DATA EXTRACT —
----

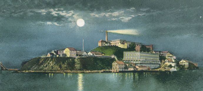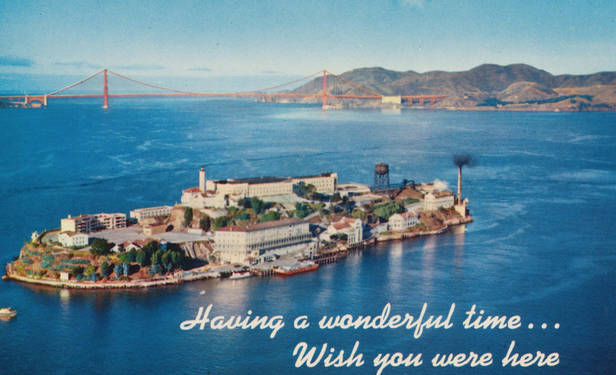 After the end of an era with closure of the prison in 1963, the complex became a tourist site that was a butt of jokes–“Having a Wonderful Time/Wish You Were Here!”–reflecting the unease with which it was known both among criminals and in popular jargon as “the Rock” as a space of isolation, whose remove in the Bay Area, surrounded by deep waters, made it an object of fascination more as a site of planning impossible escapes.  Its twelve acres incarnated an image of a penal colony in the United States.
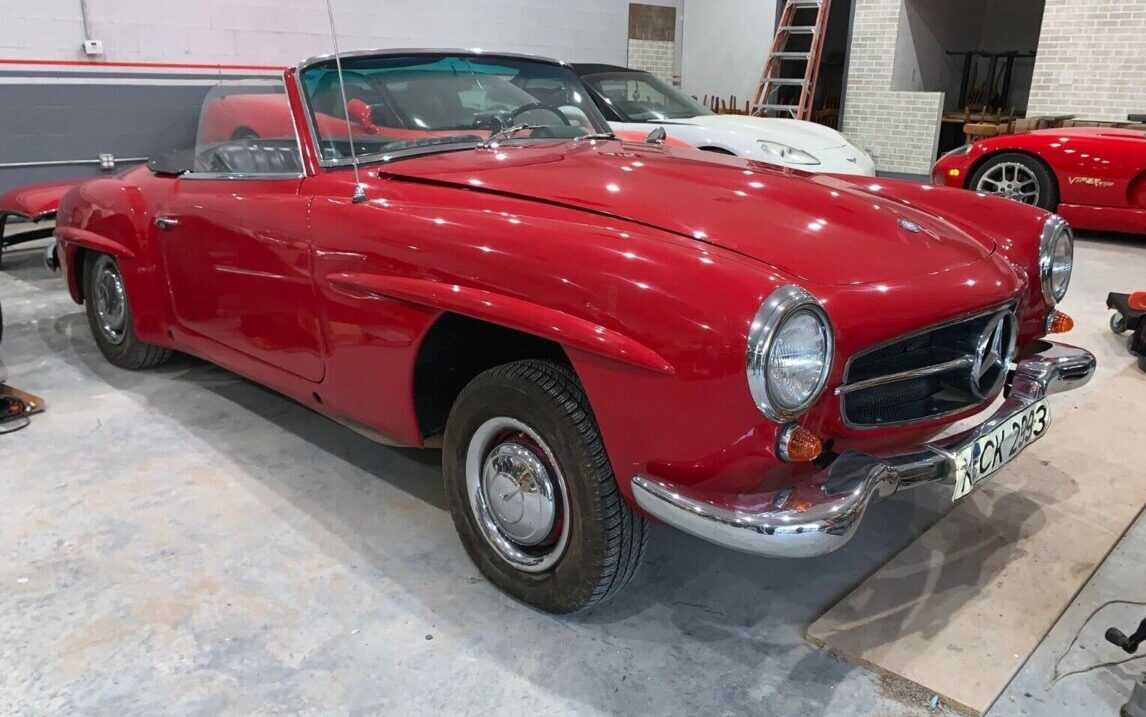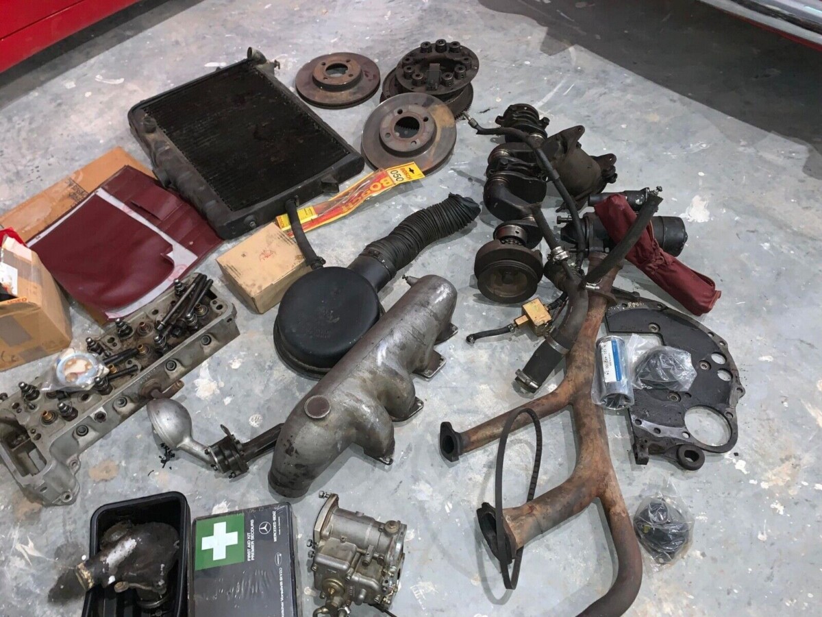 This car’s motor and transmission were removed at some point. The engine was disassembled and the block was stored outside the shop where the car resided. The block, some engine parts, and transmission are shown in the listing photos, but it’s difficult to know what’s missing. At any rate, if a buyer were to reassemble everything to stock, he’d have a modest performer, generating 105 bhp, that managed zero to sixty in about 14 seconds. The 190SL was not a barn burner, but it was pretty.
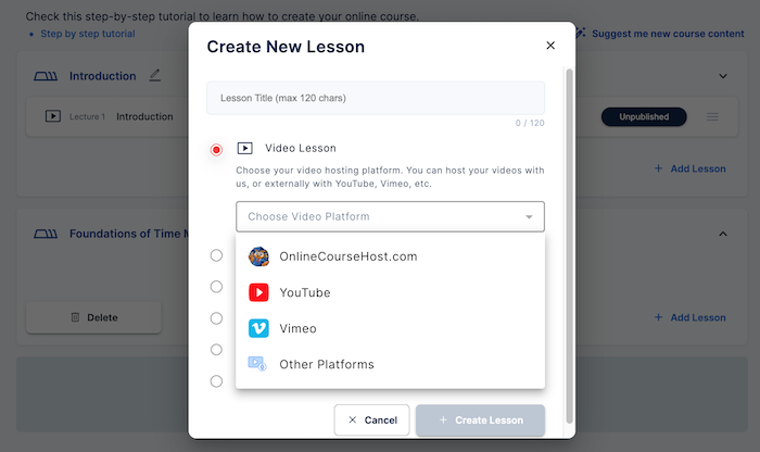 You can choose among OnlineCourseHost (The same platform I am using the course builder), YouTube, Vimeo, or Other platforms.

----

THE PROBLEM —
Pictures aside, return all of the material exactly as written.

RESULT OF THE TASK —
 After the end of an era with closure of the prison in 1963, the complex became a tourist site that was a butt of jokes–“Having a Wonderful Time/Wish You Were Here!”–reflecting the unease with which it was known both among criminals and in popular jargon as “the Rock” as a space of isolation, whose remove in the Bay Area, surrounded by deep waters, made it an object of fascination more as a site of planning impossible escapes.  Its twelve acres incarnated an image of a penal colony in the United States.
 This car’s motor and transmission were removed at some point. The engine was disassembled and the block was stored outside the shop where the car resided. The block, some engine parts, and transmission are shown in the listing photos, but it’s difficult to know what’s missing. At any rate, if a buyer were to reassemble everything to stock, he’d have a modest performer, generating 105 bhp, that managed zero to sixty in about 14 seconds. The 190SL was not a barn burner, but it was pretty.
 You can choose among OnlineCourseHost (The same platform I am using the course builder), YouTube, Vimeo, or Other platforms.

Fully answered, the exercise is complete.